Every line in the records below between the one holding "Карикатура из цейлонской" and the one holding "شکل (۱) مدل اقتصادی لیبشتاین", inclusive, is to be set down exactly; all other lines are to be left out.

+++ RECORDS PROVIDED +++

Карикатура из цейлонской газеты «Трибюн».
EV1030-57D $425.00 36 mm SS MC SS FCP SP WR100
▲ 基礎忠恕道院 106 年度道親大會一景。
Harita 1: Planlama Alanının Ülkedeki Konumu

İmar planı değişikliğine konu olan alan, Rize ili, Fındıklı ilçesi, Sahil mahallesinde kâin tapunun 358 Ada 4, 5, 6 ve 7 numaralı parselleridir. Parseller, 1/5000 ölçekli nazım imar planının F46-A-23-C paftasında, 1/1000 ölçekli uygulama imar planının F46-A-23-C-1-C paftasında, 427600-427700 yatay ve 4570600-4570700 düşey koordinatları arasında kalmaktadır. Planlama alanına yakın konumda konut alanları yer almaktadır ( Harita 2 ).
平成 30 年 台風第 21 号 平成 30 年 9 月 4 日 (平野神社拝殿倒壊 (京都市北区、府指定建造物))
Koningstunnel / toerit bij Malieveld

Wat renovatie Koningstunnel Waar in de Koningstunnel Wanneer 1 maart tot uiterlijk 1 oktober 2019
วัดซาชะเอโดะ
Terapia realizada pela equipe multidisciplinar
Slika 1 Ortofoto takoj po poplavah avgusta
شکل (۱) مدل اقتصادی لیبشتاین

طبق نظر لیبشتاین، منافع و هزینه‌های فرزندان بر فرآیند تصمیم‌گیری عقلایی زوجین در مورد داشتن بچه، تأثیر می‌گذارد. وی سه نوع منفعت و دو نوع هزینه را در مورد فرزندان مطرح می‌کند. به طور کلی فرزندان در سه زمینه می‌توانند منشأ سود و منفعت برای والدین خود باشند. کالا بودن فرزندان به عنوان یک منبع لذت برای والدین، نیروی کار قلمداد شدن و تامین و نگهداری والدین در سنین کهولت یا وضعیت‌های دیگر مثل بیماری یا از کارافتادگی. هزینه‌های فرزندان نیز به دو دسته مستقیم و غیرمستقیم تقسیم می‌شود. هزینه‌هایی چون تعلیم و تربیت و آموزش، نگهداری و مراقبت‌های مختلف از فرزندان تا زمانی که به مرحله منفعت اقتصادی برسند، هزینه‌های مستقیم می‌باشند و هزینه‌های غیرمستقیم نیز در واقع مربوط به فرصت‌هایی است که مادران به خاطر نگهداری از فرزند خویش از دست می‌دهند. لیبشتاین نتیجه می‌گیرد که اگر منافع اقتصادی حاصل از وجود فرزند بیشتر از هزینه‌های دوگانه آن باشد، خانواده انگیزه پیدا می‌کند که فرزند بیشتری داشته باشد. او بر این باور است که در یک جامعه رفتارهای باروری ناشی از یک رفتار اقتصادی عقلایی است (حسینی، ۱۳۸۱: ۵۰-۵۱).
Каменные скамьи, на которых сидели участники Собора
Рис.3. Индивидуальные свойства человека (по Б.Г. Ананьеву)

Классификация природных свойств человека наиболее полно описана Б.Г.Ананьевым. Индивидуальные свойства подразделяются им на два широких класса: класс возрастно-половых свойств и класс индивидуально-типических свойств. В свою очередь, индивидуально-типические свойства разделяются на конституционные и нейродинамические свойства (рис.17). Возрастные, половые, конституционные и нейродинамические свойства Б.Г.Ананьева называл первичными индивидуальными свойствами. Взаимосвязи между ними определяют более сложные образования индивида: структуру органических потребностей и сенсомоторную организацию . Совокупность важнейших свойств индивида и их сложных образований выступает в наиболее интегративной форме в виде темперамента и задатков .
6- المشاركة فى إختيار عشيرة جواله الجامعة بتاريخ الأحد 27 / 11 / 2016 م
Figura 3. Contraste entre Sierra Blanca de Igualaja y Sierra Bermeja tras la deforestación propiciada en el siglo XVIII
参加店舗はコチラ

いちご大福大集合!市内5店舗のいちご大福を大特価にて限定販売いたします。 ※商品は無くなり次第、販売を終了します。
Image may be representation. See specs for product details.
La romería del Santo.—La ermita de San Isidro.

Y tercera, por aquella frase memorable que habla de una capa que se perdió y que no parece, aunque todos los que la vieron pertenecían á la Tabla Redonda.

+++
+++ RECORDS PROVIDED +++

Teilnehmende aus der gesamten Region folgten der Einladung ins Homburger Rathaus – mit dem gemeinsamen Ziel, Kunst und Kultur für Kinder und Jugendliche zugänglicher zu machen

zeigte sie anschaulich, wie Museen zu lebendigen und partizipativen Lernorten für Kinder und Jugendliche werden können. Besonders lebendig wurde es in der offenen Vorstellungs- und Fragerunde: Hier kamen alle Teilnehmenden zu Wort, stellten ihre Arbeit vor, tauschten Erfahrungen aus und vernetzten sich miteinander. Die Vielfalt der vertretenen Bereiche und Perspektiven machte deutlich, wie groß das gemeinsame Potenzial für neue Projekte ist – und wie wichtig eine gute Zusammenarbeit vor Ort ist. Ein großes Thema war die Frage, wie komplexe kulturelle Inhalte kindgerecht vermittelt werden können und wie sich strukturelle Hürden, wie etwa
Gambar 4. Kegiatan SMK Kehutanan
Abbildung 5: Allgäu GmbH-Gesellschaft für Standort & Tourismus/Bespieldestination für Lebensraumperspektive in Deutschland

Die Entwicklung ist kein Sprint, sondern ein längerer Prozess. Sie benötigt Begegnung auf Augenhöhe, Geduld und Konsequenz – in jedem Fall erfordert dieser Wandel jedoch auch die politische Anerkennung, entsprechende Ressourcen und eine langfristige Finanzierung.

+++
+++ RECORDS PROVIDED +++

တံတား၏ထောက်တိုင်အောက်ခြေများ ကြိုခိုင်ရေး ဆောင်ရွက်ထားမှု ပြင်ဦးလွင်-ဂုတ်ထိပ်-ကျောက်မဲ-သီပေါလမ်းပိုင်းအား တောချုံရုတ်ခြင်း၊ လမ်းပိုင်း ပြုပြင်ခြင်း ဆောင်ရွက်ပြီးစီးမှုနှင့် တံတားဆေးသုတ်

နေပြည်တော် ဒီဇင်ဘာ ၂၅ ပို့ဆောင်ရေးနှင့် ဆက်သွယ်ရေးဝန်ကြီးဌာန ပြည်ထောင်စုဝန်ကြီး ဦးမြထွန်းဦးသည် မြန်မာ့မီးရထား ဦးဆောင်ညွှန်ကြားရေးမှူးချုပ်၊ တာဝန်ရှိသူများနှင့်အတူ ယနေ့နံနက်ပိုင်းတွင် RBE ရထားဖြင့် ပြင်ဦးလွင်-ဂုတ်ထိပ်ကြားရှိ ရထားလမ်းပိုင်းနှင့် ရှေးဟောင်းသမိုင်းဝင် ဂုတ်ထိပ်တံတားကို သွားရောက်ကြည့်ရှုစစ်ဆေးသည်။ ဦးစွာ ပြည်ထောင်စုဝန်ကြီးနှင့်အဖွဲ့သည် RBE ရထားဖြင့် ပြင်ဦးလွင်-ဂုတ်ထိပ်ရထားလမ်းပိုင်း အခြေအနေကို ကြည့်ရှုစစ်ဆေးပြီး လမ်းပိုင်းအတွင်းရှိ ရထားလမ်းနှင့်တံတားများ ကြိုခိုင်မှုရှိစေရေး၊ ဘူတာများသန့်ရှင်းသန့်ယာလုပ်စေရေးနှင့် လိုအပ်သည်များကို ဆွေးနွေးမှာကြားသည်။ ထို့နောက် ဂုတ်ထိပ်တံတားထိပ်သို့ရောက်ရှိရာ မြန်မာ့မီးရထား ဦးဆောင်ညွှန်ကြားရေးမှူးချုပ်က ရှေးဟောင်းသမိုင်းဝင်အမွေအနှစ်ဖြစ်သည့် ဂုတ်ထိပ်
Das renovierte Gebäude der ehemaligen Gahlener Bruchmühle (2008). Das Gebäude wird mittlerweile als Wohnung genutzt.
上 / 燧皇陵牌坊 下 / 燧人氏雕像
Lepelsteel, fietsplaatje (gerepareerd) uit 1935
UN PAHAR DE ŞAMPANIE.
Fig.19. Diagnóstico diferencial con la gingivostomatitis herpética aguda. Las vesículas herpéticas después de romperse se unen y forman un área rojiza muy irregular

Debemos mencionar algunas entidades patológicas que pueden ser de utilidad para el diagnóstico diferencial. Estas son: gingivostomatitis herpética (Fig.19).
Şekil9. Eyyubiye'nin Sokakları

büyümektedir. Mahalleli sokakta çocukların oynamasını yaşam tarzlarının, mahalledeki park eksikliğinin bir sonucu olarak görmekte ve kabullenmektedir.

+++

▸ ANSWER BOX:
Карикатура из цейлонской газеты «Трибюн».
EV1030-57D $425.00 36 mm SS MC SS FCP SP WR100
▲ 基礎忠恕道院 106 年度道親大會一景。
Harita 1: Planlama Alanının Ülkedeki Konumu

İmar planı değişikliğine konu olan alan, Rize ili, Fındıklı ilçesi, Sahil mahallesinde kâin tapunun 358 Ada 4, 5, 6 ve 7 numaralı parselleridir. Parseller, 1/5000 ölçekli nazım imar planının F46-A-23-C paftasında, 1/1000 ölçekli uygulama imar planının F46-A-23-C-1-C paftasında, 427600-427700 yatay ve 4570600-4570700 düşey koordinatları arasında kalmaktadır. Planlama alanına yakın konumda konut alanları yer almaktadır ( Harita 2 ).
平成 30 年 台風第 21 号 平成 30 年 9 月 4 日 (平野神社拝殿倒壊 (京都市北区、府指定建造物))
Koningstunnel / toerit bij Malieveld

Wat renovatie Koningstunnel Waar in de Koningstunnel Wanneer 1 maart tot uiterlijk 1 oktober 2019
วัดซาชะเอโดะ
Terapia realizada pela equipe multidisciplinar
Slika 1 Ortofoto takoj po poplavah avgusta
شکل (۱) مدل اقتصادی لیبشتاین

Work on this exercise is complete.